We'll look at implementing guided back propagation in tensorflow. Summary - it doesn't look as good as what we did before (i.e: guidedbackprop). Some differences:
Original work:
- Keras using theano
- pre-procecess images with log transofrm and grand mean subtraction
- classifying the two color shot - 4 outputs, just the lasing runs
Present work:
- Tensorflow
- Our own batch normalization
- classifying two outputs, from separate runs
- We may be learning some systematic run differences
- Not using a log transform
- outlier speckle gets picked up in guided backprop
Issue
One uses the tf.gradients function. For some reason, it is producing nan's when it goes through my BatchNormalization ops, on Dense layers. It is fine on the convnet. Workaround, skip over those layers in backprop.
Code:
- Move data reading, one hot, confusion matrix into MLUtil.py, one data reader for lasing, and another for 2 color labels with 4 outputs.

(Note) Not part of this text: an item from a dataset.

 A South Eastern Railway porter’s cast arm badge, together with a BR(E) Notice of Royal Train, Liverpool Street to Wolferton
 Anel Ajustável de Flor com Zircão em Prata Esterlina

- Reading 2 color data is more complicated
- convention is a label of -1 means don't use this sample for training
- Reading 2 color data is more complicated
- Build models here, TFModel.py, notes:
- SequentialModel now has a methods to keep track of regularization
- build up sum of terms
- Total loss: mean(batch model) + sum(variable - L2 L1)

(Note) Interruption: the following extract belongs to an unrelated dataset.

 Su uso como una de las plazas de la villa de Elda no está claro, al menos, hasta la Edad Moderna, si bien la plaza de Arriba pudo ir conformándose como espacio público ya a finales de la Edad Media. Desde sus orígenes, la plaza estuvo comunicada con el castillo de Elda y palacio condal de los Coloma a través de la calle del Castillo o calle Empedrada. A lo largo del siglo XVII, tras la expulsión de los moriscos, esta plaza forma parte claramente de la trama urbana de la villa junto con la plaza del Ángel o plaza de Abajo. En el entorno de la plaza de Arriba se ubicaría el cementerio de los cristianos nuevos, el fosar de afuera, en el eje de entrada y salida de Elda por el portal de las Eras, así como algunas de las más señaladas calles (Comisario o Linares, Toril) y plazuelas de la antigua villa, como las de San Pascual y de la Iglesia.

- should it be mean of variables?
- I don't think so, this way adding more variables mean you work harder to minimize that term
- move making the optimizer and final loss into SequentialModel
- ex07 won't use this, still make loss directly
- ex08, which will regularize over 2 color 4 outputs, will use it
Guided Back Prop
- start with logit that scored high for predicted label
- don't use softmax, nonlinearity mixes in tyring to make the other logits small
- compute derivative of logit with respect to image
- Could do this with one call to tf.gradients, but for guided, and to work around batchnorm nan issue, go layer by layer
- Per paper: Striving for Simplicity: The All Convolutional Net, do the following
- When doing backprop through a relu:
- zero out negative values of gradient (don't propogate errors from above)

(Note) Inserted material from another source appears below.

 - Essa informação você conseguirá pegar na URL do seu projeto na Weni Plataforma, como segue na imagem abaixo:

- zero out gradient values where relu is 0 (don't propogate errors from below)
- Still a little confused on these steps, why it works, another reference: github saliency maps Backpropagation.ipynb
- When doing backprop through a relu:
- for plotting, don't import matplotlib unless gbprop command is given, best not to import matplotlib if running in batch
Running ex07 code
python ex07_tf_guided_backprop.py train
python ex07_tf_guided_backprop.py predict
python ex07_tf_guided_backprop.py gbprop
Running ex08 code
Getting an accurate model
- Need to use more data
- Bigger batch size, meaning need to use more memory
- Best to train on batch
Code: ex08_tf_4way_class.py
- The train function can be modified to pass 'test' to the getTrainData function. Otherwise reads all data (takes about a minute)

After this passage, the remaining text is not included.